'''
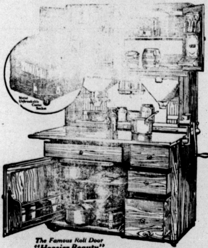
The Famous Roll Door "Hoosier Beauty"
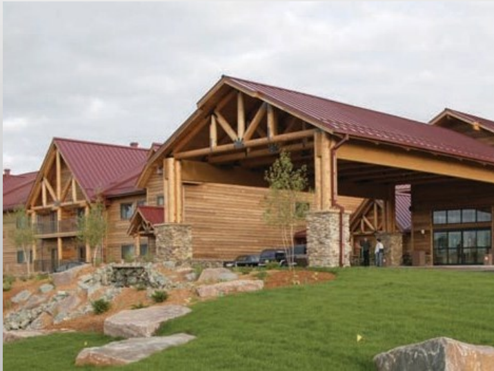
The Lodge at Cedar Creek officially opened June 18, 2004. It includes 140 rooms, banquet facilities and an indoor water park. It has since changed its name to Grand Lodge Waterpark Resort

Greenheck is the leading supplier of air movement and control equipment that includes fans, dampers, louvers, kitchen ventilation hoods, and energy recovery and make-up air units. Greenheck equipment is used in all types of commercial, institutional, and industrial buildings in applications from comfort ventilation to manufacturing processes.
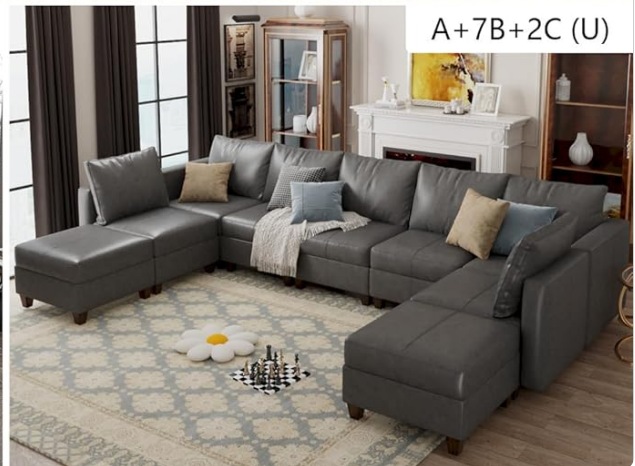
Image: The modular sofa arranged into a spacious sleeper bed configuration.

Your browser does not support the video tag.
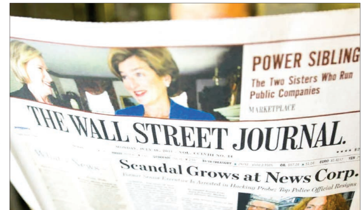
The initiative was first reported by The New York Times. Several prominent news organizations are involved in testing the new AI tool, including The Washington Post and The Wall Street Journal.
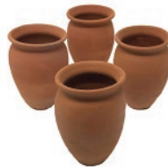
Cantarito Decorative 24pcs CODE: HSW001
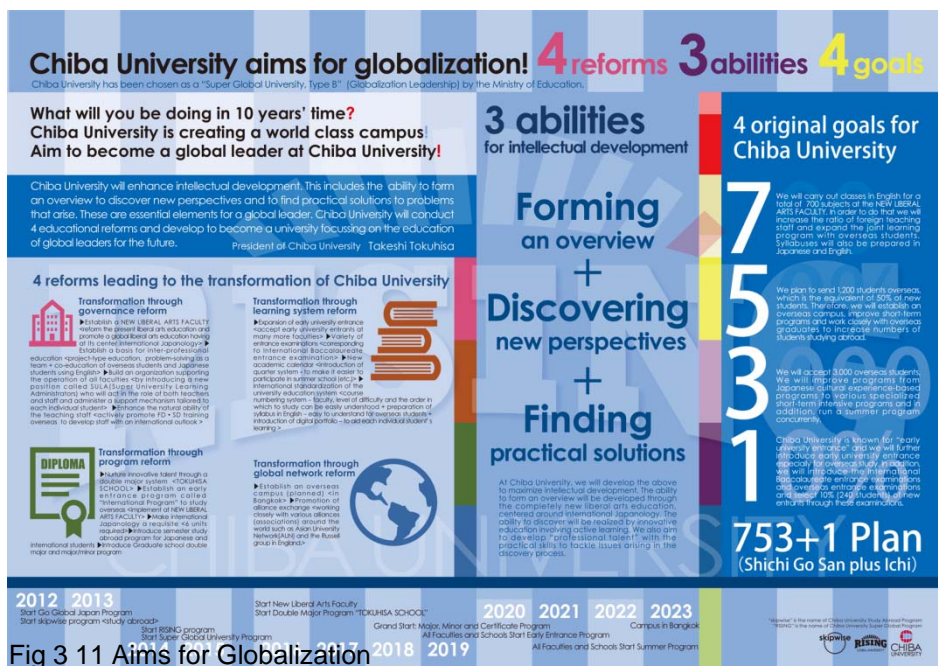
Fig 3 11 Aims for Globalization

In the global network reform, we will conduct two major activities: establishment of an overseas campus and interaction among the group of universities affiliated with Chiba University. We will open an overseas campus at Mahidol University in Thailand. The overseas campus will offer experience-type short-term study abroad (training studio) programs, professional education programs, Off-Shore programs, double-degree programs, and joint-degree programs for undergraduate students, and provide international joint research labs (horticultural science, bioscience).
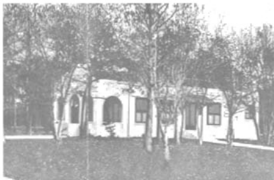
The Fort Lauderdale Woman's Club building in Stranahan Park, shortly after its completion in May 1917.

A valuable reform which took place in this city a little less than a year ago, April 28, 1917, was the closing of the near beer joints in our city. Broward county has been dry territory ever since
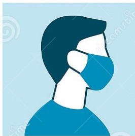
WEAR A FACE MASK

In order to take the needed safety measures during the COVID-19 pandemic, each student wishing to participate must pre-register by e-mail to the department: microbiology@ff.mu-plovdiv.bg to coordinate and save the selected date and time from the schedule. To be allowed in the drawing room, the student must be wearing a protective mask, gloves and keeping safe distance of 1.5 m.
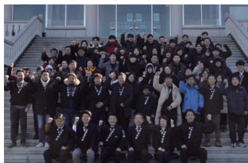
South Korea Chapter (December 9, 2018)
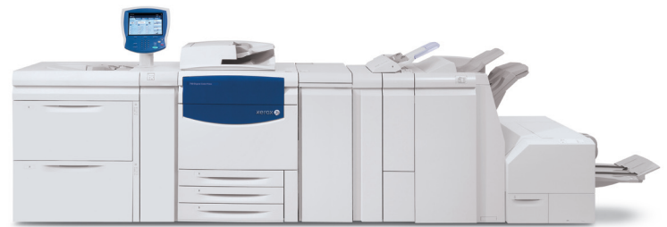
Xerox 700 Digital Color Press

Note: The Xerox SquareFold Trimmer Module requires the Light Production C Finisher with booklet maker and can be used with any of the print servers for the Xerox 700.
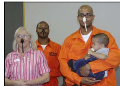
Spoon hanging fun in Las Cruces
'''
'''
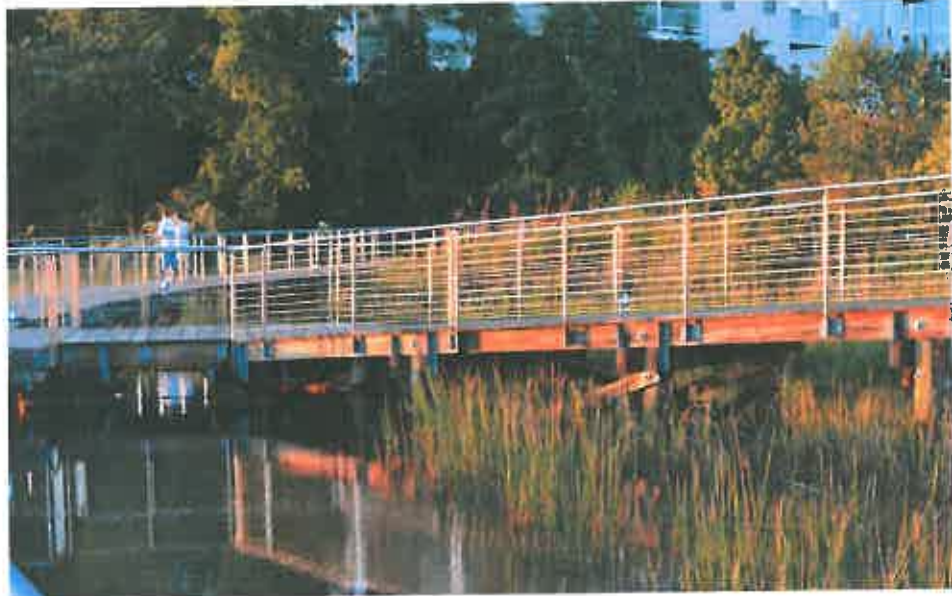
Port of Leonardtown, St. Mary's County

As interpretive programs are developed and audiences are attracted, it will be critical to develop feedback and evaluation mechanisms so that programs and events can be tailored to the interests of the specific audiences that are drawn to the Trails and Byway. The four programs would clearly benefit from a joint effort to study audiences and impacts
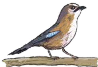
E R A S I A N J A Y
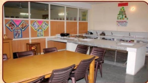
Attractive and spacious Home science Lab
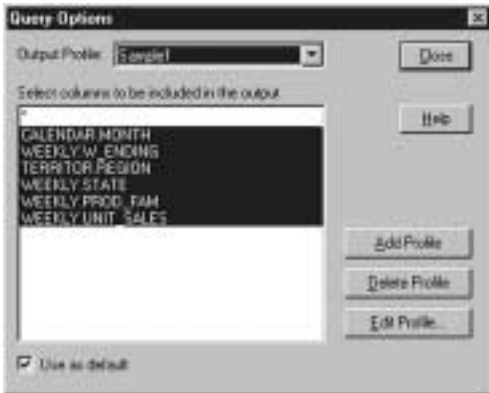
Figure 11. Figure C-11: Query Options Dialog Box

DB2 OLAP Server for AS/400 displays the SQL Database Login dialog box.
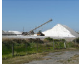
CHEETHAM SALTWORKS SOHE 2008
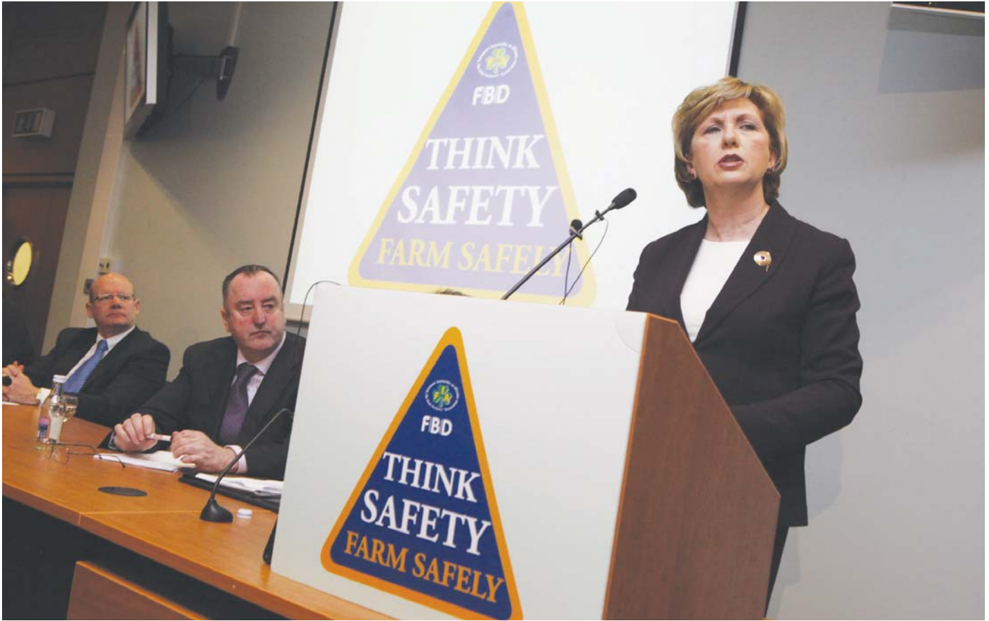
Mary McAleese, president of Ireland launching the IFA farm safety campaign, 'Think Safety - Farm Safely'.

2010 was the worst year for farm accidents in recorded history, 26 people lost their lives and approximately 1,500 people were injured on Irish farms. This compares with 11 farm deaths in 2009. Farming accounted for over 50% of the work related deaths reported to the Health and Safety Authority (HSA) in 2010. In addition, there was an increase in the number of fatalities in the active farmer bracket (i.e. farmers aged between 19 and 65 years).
'''
## Task description
Leave out every picture, and copy exactly the lines above starting at the one holding "Your browser does not support the video tag." and ending at the one holding "Fig 3 11 Aims for Globalization", no more and no less.

## Response below
Your browser does not support the video tag.
The initiative was first reported by The New York Times. Several prominent news organizations are involved in testing the new AI tool, including The Washington Post and The Wall Street Journal.
Cantarito Decorative 24pcs CODE: HSW001
Fig 3 11 Aims for Globalization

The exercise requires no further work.